TASK BRIEF: Look through the records below for the line with "Also, be on" and the line with "竹田鄉長吳振中收賄90萬元 遭判3年10月、褫奪公權4年 - 客新聞", then return those lines and all lines between, exactly.

RECORDS SUPPLIED:
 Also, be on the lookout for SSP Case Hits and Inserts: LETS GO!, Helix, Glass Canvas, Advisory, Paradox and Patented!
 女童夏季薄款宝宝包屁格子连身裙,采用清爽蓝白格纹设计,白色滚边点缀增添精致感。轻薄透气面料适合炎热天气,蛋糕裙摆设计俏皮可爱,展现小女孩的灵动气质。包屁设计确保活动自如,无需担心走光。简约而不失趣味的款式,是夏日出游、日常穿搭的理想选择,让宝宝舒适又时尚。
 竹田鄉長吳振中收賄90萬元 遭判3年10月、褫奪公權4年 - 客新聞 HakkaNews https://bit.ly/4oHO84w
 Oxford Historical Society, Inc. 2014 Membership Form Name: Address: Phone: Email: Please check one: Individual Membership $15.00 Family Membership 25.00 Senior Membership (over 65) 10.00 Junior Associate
* * *
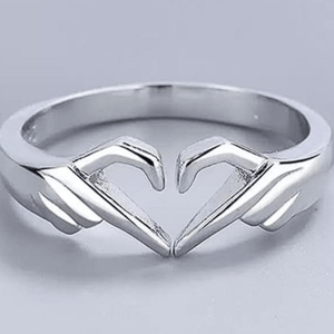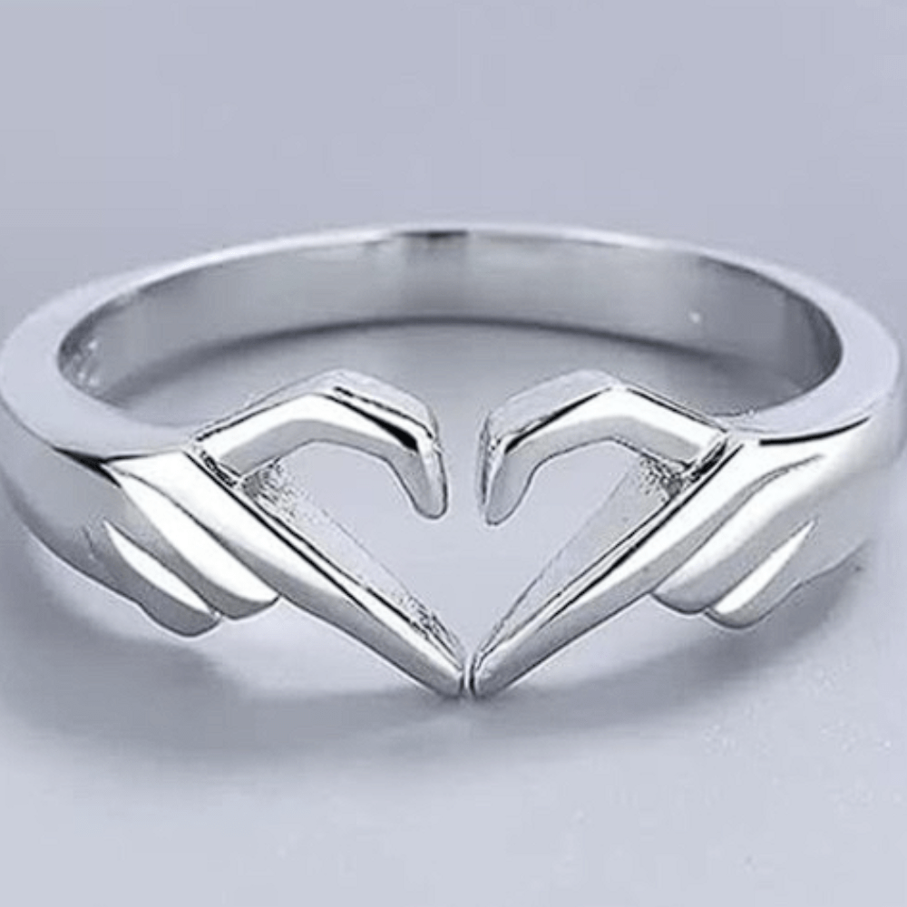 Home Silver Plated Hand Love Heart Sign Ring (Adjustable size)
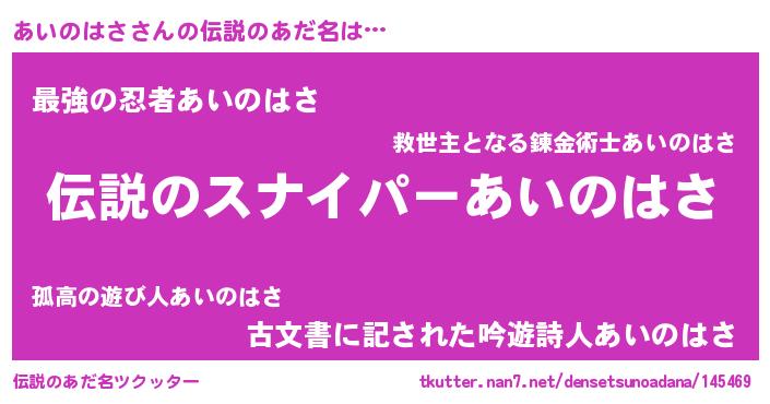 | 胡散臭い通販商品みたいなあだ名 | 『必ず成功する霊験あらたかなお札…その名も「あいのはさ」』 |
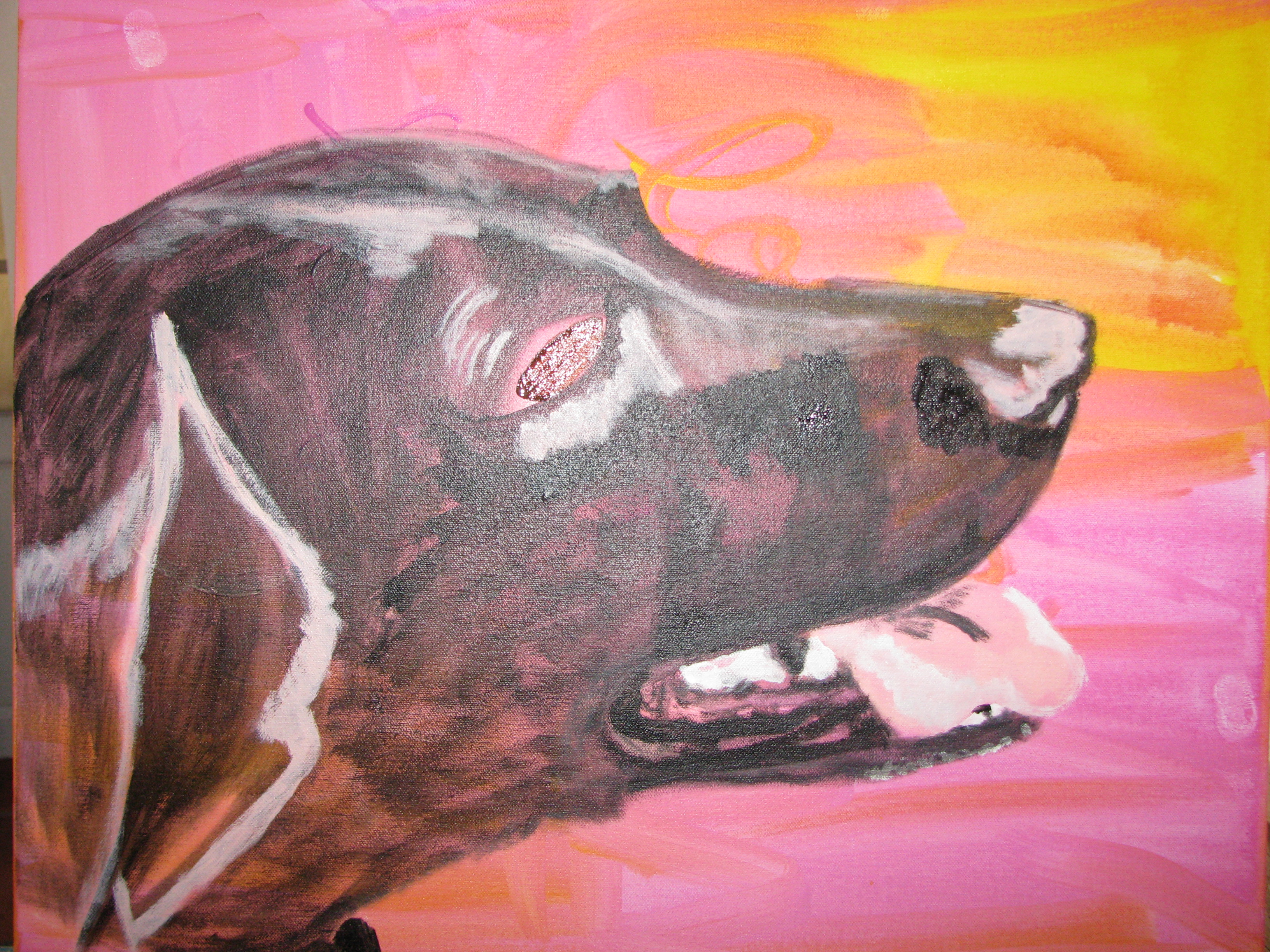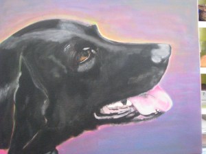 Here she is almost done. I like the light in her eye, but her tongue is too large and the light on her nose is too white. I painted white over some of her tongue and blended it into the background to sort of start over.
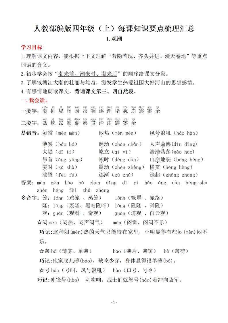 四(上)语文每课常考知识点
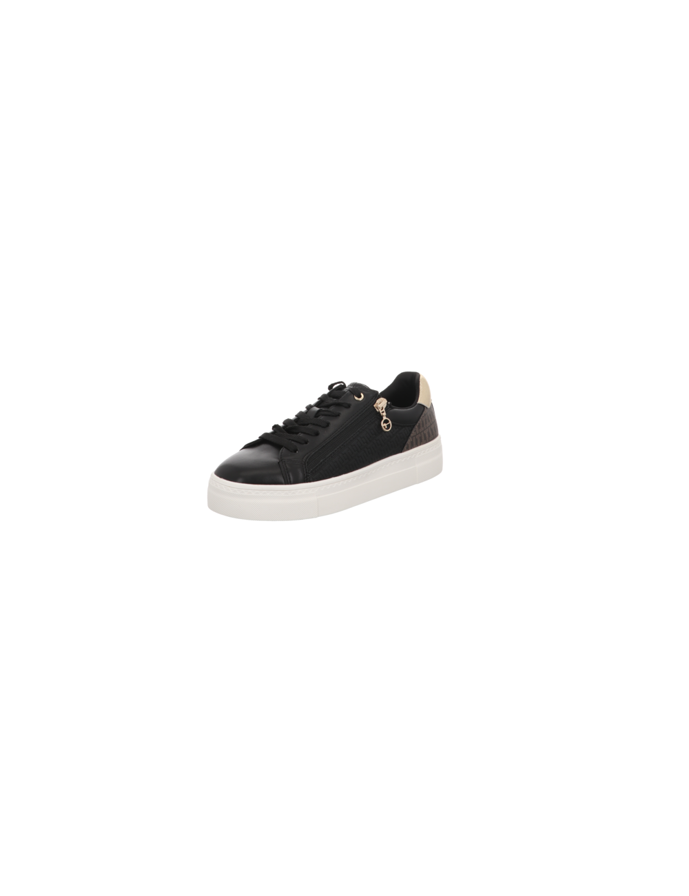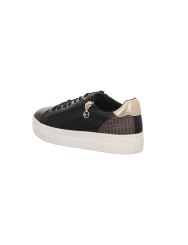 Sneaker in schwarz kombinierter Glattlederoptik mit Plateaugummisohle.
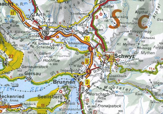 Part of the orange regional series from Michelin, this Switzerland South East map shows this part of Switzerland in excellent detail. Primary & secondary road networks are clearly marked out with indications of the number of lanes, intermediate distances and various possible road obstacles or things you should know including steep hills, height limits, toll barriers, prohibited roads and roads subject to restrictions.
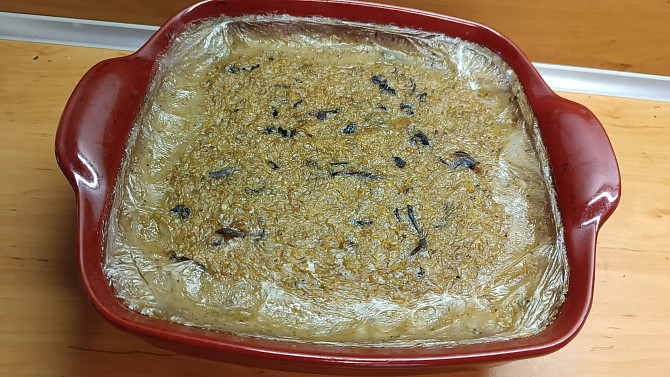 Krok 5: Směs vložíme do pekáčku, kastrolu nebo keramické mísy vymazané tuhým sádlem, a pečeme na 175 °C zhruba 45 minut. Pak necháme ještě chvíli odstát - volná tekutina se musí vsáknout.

ANSWER SPACE:
 Also, be on the lookout for SSP Case Hits and Inserts: LETS GO!, Helix, Glass Canvas, Advisory, Paradox and Patented!
 女童夏季薄款宝宝包屁格子连身裙,采用清爽蓝白格纹设计,白色滚边点缀增添精致感。轻薄透气面料适合炎热天气,蛋糕裙摆设计俏皮可爱,展现小女孩的灵动气质。包屁设计确保活动自如,无需担心走光。简约而不失趣味的款式,是夏日出游、日常穿搭的理想选择,让宝宝舒适又时尚。
 竹田鄉長吳振中收賄90萬元 遭判3年10月、褫奪公權4年 - 客新聞 HakkaNews https://bit.ly/4oHO84w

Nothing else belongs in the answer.